After a bit she shuts her eyes. Then she picks up the mug, messily gulps down the rest of the shot, wiping the excess on the back of her hand. I consider offering her another but that would imply she's capable of drinking more than one. I force myself to sit still, stay quiet.

“Anyway,” she says, with a sigh, “I told him.”

“When?”

“The night Nica died.”

As casually as I'm able, “After he came back from the tournament in Westerly, right?”

Her face darkens with annoyance. “He got creamed by some little Chinese kid who shouldn't have been able to hold his racket bag. Do you know what that kind of early exit does to your ranking?” She shakes her head at the memory like she's trying to shake it off. Then she says, “James had already gone to bed. We'd had words because, well, because he'd been traveling to New York quite a lot, staying over. He said he was working on a deal with a couple of venture capitalists who specialized in something or other—information technology, I think it was. I don't know. Maybe that's what he was doing. But I felt he'd been away from home too much. And I asked—demanded, really—that he not go in that weekend. I wanted him to spend it with me. He got mad. Took one of my Ambien. Went upstairs.”

So Mr. Amory's alibi holds up. Could be Jamie's does too. Could be Jamie just has a different one than I thought—at home in Avon instead of in a hotel in Westerly. “You didn't go upstairs with Mr. Amory?”
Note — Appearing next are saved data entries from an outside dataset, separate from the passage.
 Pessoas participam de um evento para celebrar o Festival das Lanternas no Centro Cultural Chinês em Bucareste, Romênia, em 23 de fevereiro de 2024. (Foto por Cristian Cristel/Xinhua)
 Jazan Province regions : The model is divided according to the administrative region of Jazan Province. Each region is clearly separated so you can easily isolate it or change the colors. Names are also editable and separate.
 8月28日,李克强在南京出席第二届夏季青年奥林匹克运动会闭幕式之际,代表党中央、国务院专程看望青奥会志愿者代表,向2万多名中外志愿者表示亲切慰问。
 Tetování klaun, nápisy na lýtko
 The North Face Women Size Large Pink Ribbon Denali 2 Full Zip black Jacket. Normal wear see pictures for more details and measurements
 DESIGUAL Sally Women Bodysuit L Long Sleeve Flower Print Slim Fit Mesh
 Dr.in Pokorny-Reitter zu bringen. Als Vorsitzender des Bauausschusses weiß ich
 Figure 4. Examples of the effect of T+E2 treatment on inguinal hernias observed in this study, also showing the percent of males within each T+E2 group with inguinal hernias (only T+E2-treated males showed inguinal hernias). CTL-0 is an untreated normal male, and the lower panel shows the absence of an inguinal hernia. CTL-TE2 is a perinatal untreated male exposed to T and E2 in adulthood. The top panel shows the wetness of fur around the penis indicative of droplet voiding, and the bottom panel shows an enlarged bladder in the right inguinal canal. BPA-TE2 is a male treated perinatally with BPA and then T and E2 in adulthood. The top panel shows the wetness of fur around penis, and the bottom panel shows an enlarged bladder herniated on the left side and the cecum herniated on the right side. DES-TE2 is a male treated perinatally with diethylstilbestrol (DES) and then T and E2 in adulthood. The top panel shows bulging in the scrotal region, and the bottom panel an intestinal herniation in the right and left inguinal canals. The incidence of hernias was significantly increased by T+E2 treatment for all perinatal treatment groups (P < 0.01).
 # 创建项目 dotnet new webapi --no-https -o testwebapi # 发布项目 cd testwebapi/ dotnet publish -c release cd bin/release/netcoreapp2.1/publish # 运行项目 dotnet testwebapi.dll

“No, I stayed in the kitchen, drinking coffee until Jamie walked through the door, which I wasn't expecting him to do. I supposed he'd be in Westerly until Sunday's final. But there he was. He sat down in the seat you're sitting in now, as glum as glum could be. And that's when I told him. No leading up to it, no preparing him. I just—wham—let him have it.”

I can imagine the scene: Mrs. Amory half in the bag after a couple mugs of her eighty-proof coffee, furious with her husband for wanting to escape her, furious with herself for loving him too much to allow him to. Enter Jamie, equally depressed and heartbroken, hangdog, as well, from a humiliating loss. The sight must have enraged her, reminded her of her own situation, her own weaknesses, and she just blew her top completely. “How did he take it?” I ask.
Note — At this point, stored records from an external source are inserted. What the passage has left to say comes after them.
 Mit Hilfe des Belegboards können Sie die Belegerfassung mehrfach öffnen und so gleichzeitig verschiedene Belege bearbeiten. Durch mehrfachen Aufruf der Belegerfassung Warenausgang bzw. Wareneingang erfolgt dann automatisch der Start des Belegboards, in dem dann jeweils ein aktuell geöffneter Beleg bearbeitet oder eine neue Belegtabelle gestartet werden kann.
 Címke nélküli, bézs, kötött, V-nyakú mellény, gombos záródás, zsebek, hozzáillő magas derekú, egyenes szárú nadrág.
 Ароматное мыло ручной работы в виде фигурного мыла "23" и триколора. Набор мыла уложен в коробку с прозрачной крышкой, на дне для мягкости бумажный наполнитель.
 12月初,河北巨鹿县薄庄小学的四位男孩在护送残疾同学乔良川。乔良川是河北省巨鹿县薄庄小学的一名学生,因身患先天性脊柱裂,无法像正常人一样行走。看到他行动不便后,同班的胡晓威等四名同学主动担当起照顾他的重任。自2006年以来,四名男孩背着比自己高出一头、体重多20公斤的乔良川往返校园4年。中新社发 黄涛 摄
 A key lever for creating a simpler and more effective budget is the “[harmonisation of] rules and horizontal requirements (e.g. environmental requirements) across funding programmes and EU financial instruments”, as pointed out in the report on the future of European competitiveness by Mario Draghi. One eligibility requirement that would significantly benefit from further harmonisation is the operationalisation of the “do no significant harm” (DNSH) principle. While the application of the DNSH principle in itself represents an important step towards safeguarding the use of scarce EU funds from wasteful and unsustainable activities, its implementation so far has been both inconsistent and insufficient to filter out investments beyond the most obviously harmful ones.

Her laugh is bleak. “Not well, surprise, surprise.”

“How not well?”

“He threw that hutch over there.”

I turn to where she's pointing. “It doesn't look damaged.”
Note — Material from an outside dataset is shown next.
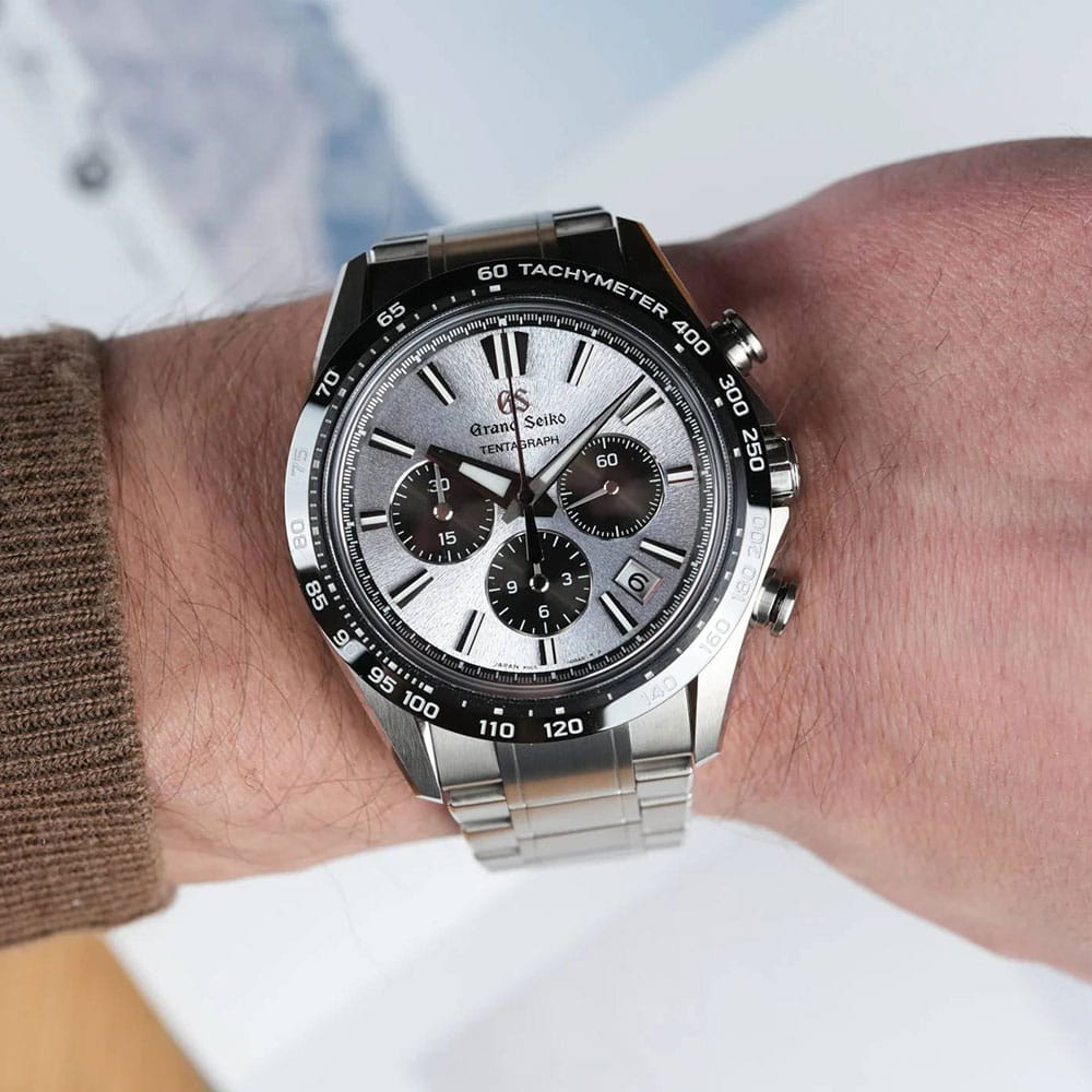 Модель SLGC007G из коллекции Grand Seiko Evolution 9 — это высокоточный дайверский хронографХронографФункция позволяет измерять отрезки времени с особой точностью: часы, минуты, секунды. Верным признаком хронографа является наличие на циферблате 3 дополнительных окошек-счётчиков. с секундомеромСекундомерСекундоме́р — прибор, способный измерять интервалы времени с точностью до долей секунды., сочетающий в себе передовые технологии и японскую эстетику. Корпус и браслет выполнены из титанового сплава Brilliant Hard Titanium, обеспечивая лёгкость и устойчивость к коррозии. Циферблат с матовой отделкой и крупными метками покрытыми люминесцентным покрытиемЛюминесцентное покрытиеПозволяет считывать показания времени в темноте. Производители наносят на стрелки, часовые индексы, безель или поверхность циферблата светонакопительный состав, дающий холодное свечение. гарантирует отличную читаемость в любых условиях. Часы оснащены автоматическим механизмом 9SC5. Диаметр корпуса составляет 43.2 мм, толщина 15.3 мм. Циферблат защищён сапфировым стекломСапфировое стеклоПрочный и надёжный материал из кристалла сапфира синтетического происхождения, характеризующийся особой твёрдостью и устойчивостью к царапинам и повреждениям. с антибликовым покрытиемАнтибликовое покрытиеСлой оксида металла в 0,13-0,3 микрон, благодаря которому стекло часов не бликует и не отражает свет. Антибликовое покрытие уменьшает отражение света в 10 раз, обеспечивая отличную читаемость показателей циферблата. на внутренней стороне. Установлена раскладная застёжка с фиксаторомРаскладная застёжкаТакой тип застёжки используется только на браслетах из металла. Она никогда не раскрывается полностью, происходит разделение на 2 и более частей. Раскладывающая застёжка снизит вероятность потери часов к минимуму. обеспечивает комфортное ношение. Шкала тахиметраТахиметрРазмеченная шкала, располагается на ободке или безеле часов. Тахиметр позволяет рассчитать скорость на определённом участке пути, расстояние измеряется в километрах или милях. на керамическом безелеБезельВнешний ободок, закрепляющий стекло. В спортивных часах так называется поворотное кольцо с делениями на циферблате, выполняет роль таймера – замеряет отрезки времени на шкале. Неподвижный безель – элемент декора. Однонаправленно вращающийся безель на дайверских часах позволяет фиксировать моменты погружения и выныривания на поверхность.. Модель обладает водонепроницаемостью до 100 метров идеальным выбором для профессиональных дайверов и ценителей надёжных часов.

“I was able to get it repaired. Not the wineglasses inside, though.”

“What happened to them?”

“Smashed, every single one. Little shards of glass went flying and embedded themselves in my leg. I was scared of the questions they might ask at the hospital so I tweezed them out myself. Didn't do a very good job of it, I'm afraid.” She twitches back the skirt of her robe and holds up her leg. I can see small shiny-looking pink puckers, very faint, in the skin of her calf and ankle.

“What did Jamie do next?”

“He stormed out of the room. A minute later, he stormed out of the house.”

There's opportunity, I think. “He didn't say anything?”